Fluorescence regional integration and differential fluorescence spectroscopy for analysis of structural characteristics and proton binding properties of fulvic acid sub-fractions.

Structural characteristics and proton binding properties of sub-fractions (FA3 -FA13 ) of fulvic acid (FA), eluted stepwise by pyrophosphate buffer were examined by use of fluorescence titration combined with fluorescence regional integration (FRI) and differential fluorescence spectroscopy (DFS). Humic-like (H-L) and fulvic-like (F-L) materials, which accounted for more than 80% of fluorescence response, were dominant in five sub-fractions of FA. Based on FRI analysis, except the response of F-L materials in FA9 and FA13 , maximum changes in percent fluorescence response were less than 10% as pH was increased from 2.5 to 11.5. Contents of carboxylic and phenolic groups were compared for fluorescence peaks of FA sub-fractions based on pH-dependent fluorescence derived from DFS. Static quenching was the dominant mechanism for binding of protons by FA sub-fractions.

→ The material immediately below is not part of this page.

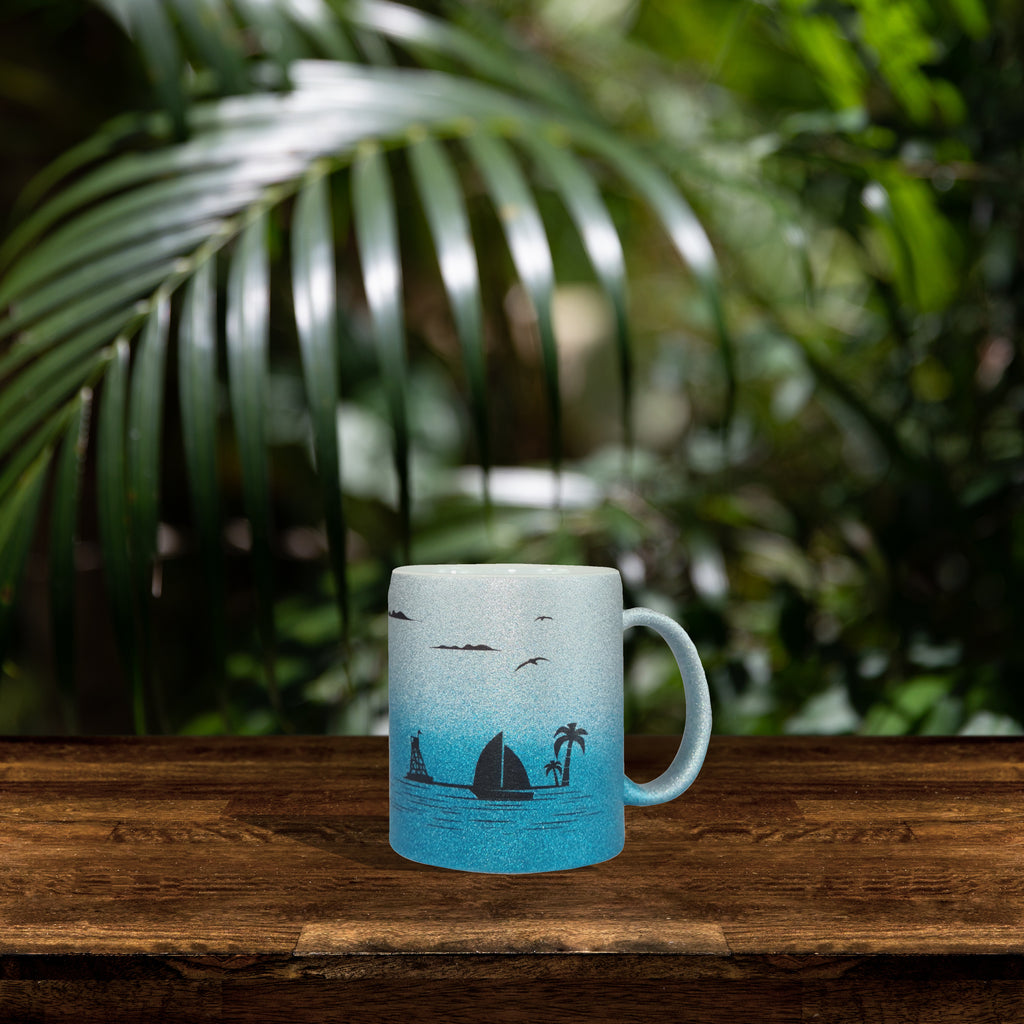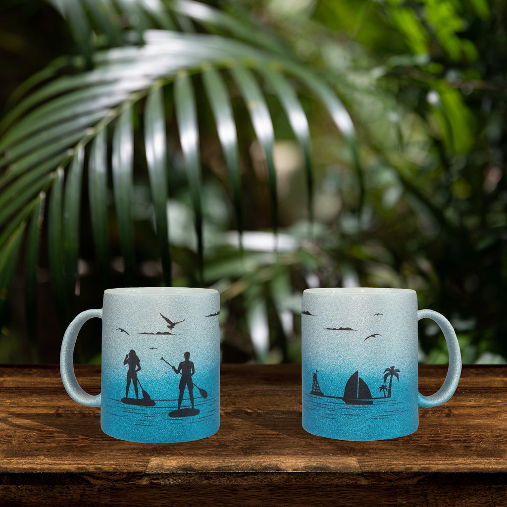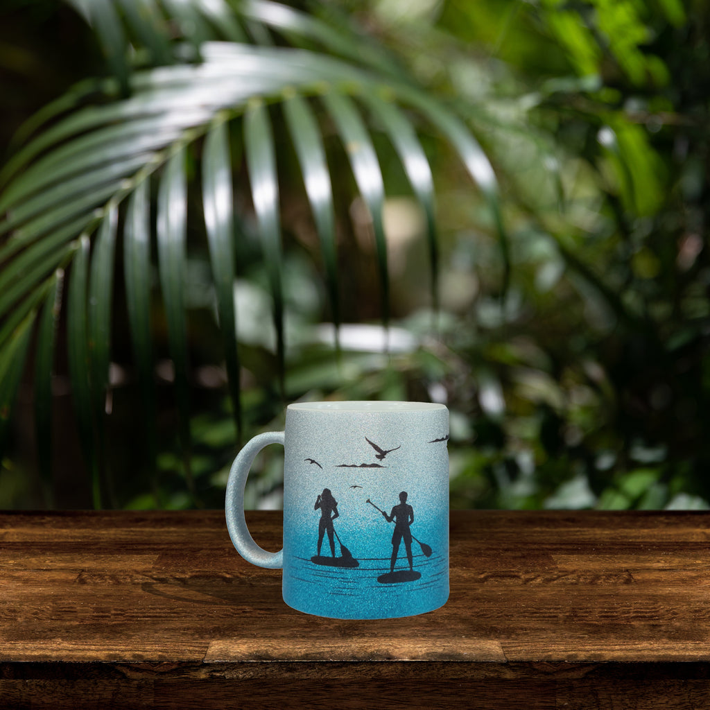 Premium grade 11oz (350ml) Silver / Blue Glitter Paddle Boarding SUP theme mug.

Dissociation constants (pKa) were calculated by use of results of DFS and the modified Stern-Volmer relationship. The pKa of H-L, F-L, tryptophan-like and tyrosine-like materials of FA sub-fractions exhibited ranges of 3.17-4.06, 3.12-3.97, 4.14-4.45 and 4.25-4.76, respectively, for acidic pHs. At basic pHs, values of pKa for corresponding materials were in ranges of 9.71-10.24, 9.62-10.99, 9.67-10.31 and 9.33-10.28, respectively. At acidic pH, protein-like (P-L) materials had greater affinities for protons than did either H-L or F-L materials. The di-carboxylic and phenolic groups were likely predominant sites of protonation for both H-L and F-L materials at both acidic and basic pHs. Amino acid groups were significant factors during proton binding to protein-like materials of FA sub-fractions at basic pH.